If you plot a line, does it plateau or does it get to professional human level (i.e. reliably doing all the things you are trying to get it to do as well as a professional human would)?
It plateaus before professional human level, both in a macro sense (comparing what ZeroPath can do vs. human pentesters) and in a micro sense (comparing the individual tasks ZeroPath does when it’s analyzing code). At least, the errors the models make are not ones I would expect a professional to make; I haven’t actually hired a bunch of pentesters and asked them to do the same tasks we expect of the language models and made the diff. One thing our tool has over people is breadth, but that’s because we can parallelize inspection of different pieces and not because the models are doing tasks better than humans.
What about 4.5? Is it as good as 3.7 Sonnet but you don’t use it for cost reasons? Or is it actually worse?
We have not yet tried 4.5 as it’s so expensive that we would not be able to deploy it, even for limited sections.

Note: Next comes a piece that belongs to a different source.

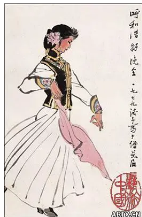
叶浅予《呼和浩特晚会》

We use different models for different tasks for cost reasons. The primary workhorse model today is 3.7 sonnet, whose improvement over 3.6 sonnet was smaller than 3.6′s improvement over 3.5 sonnet. When taking the job of this workhorse model, o3-mini and the rest of the recent o-series models were strictly worse than 3.6.
Recent AI model progress feels mostly like bullshit
I haven’t read the METR paper in full, but from the examples given I’m worried the tests might be biased in favor of an agent with no capacity for long term memory, or at least not hitting the thresholds where context limitations become a problem:
For instance, task #3 here is at the limit of current AI capabilities (takes an hour). But it’s also something that could plausibly be done with very little context; if the AI just puts all of the example files in its context window it might be able to write the rest of the decoder from scratch. It might not even need to have the example files in memory while it’s debugging its project against the test cases.
Whereas a task to fix a bug in a large software project, while it might take an engineer associated with that project “an hour” to finish, requires stretching the limits of the amount of information it can fit inside a context window, or recall beyond what we seem to be capable of doing today.
There was a type of guy circa 2021 that basically said that gpt-3 etc. was cool, but we should be cautious about assuming everything was going to change, because the context limitation was a key bottleneck that might never be overcome. That guy’s take was briefly “discredited” in subsequent years when LLM companies increased context lengths to 100k, 200k tokens.
I think that was premature. The context limitations (in particular the lack of an equivalent to human long term memory) are the key deficit of current LLMs and we haven’t really seen much improvement at all.
I find it a little suspicious that the recent OpenAI model releases became leaders on the MASK dataset (when previous iterations didn’t seem to trend better at all), but I’m hopeful this represents deeper alignment successes and not simple tuning on the same or a similar set of tasks.